By KUNA,
London : Britain’s Home Secretary Jacqui Smith Wednesday announced an extra 300 police officers to work on preventing radicalisation as she warned it was not possible to “arrest our way” out of the terrorist threat.
Smith said terrorism was a “serious and growing threat” in this country and there had been successes in the important work of arrests and convictions.
But she warned, on BBC TV, “In the end we can’t arrest our way out of the terrorist threat.
We need to prevent people from becoming terrorists and supporting terrorists in the first place.” “That means challenging the sort of ideology that supports terrorism, it means working in our communities to make sure that those mainstream voices are stronger, it means identifying people who might be at risk of being drawn into terrorism and violent extremism.” The Home Secretary said police officers could help with this sort of preventive work, in partnership with other groups.
“That is why we are investing in police officers to pursue and to disrupt terrorist plots but also to prevent people turning to terrorism in the first place,” she added.
In a speech later today, Smith is expected to say “We recognise that we can neither arrest our way out of the problems we face nor protect ourselves to the point where the threat disappears.” “We need to dissuade that very small minority of people who wish to harm our communities from becoming or supporting terrorists.
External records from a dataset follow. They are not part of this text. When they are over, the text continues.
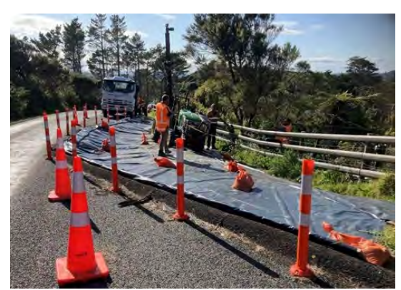
Wairere Road slip site 349 Wairere Road

We have reviewed the geotechnical testing that was completed at the large site outside 349 Wairere Road and the proposed repair involves digging out the failed section of road and reconstructing it along with upgrades to adjacent drainage. This will include a full closure of the road. This is the only access point for Wairere, Mildon, Horsman and Jonkers Roads. We are currently working with the community to establish a timetable when the road will be open for a short time during the day for vehicles to come in and out. After hours we expect the road will be open to one lane. Work is likely to commence in October.
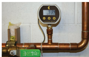
Air Dryer Outlet Temperature
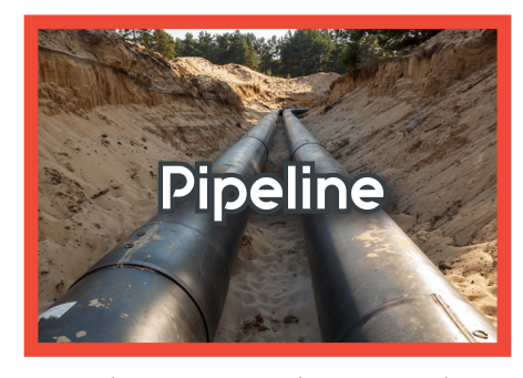
A pipeline carries oil or natural gas.

There are many steps involved in producing energy including consultations, environmental assessments, resource extraction, transportation, reclamation and processing. We must consider the environment, society and economy every step of the way!
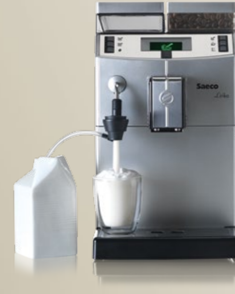
Lirika Tuono Cappuccinatore

Tuono cappuccinatore to be mounted on the steam wand for the frothing of creamy cappuccinos and milk drinks. It can be used also in combination with the Milk Cooler.
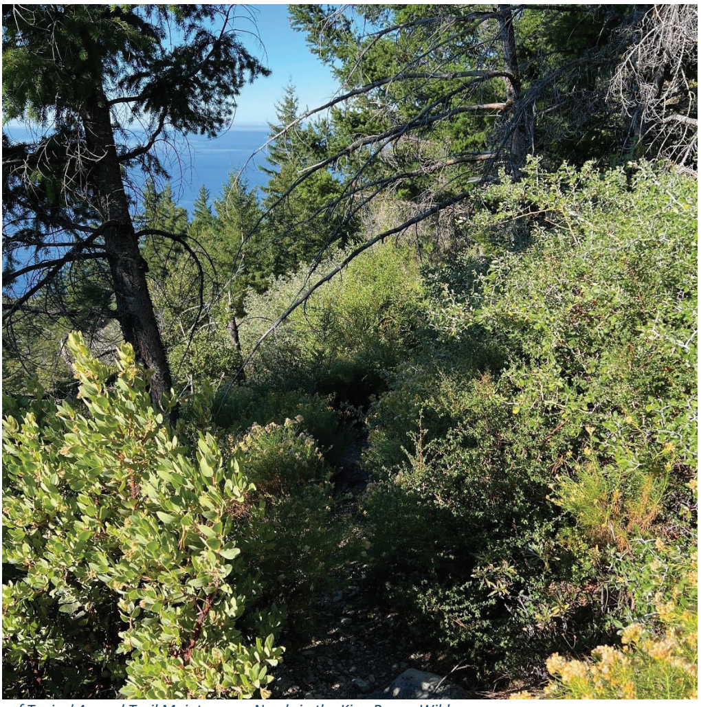
Figure 8: Example of Typical Annual Trail Maintenance Needs in the King Range Wilderness

Labor costs for wilderness management include trail condition assessment and maintenance performed by BLM King Range staff, supervision of and support logistics for hosted workers (e.g., California Conservation Corps, Student Conservation Association, and American Conservation Association), and the recruitment, training, and supervision of volunteers, such as American Hiking Society and Wilderness Volunteers. Operational costs include employee per diem (camp rate is currently @$40/day) for overnight tours of duty, and BLM provided supplies and equipment (e.g., water filters, stoves, tents, communications equipment), hand tools (shovels, pulaskis, McCleods, digging bars, loppers, hand saws, cross-cut saws), first-aid and safety equipment, and food for volunteers.
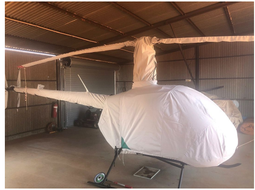
Robinson R-22 Full Cover Set

That is the long-term challenge,” according to extracts of her remarks released officially here.
She was adding “I believe the resources allocated now to preventing terrorism work will enable us to develop a new kind of counter-terrorist policing, building upon and alongside your existing work.” The move comes amid debate over controversial plans to extend the time limit for holding terror suspects without charge to 42 days.
Under the proposals, the Home Secretary would be able to immediately extend the limit to 42 days if a joint report by a Chief Constable of Police and the Director of Public Prosecutions backed the move.
The House of Commons and the House of Lords would have to approve the extension within 30 days and, if either House voted against it, the power would come to an end at midnight on the day of the debate.
Last weekend, Smith warned critics of the plans that as many as 30 active plots against the UK were now being probed.
Asked on BBC TV about the plans, she said, “Senior police officers have told me that they are concerned that in the future, given the complexity and the nature of the threats that we face, they might need longer than 28 days in order to fully investigate and bring somebody to charge.” “What we are doing is putting forward a reserve power which, if we need it in the future, is there to make sure that we can fully investigate and bring to justice those people who are plotting now to carry out serious terrorist threats against this country,” the Home Secretary concluded.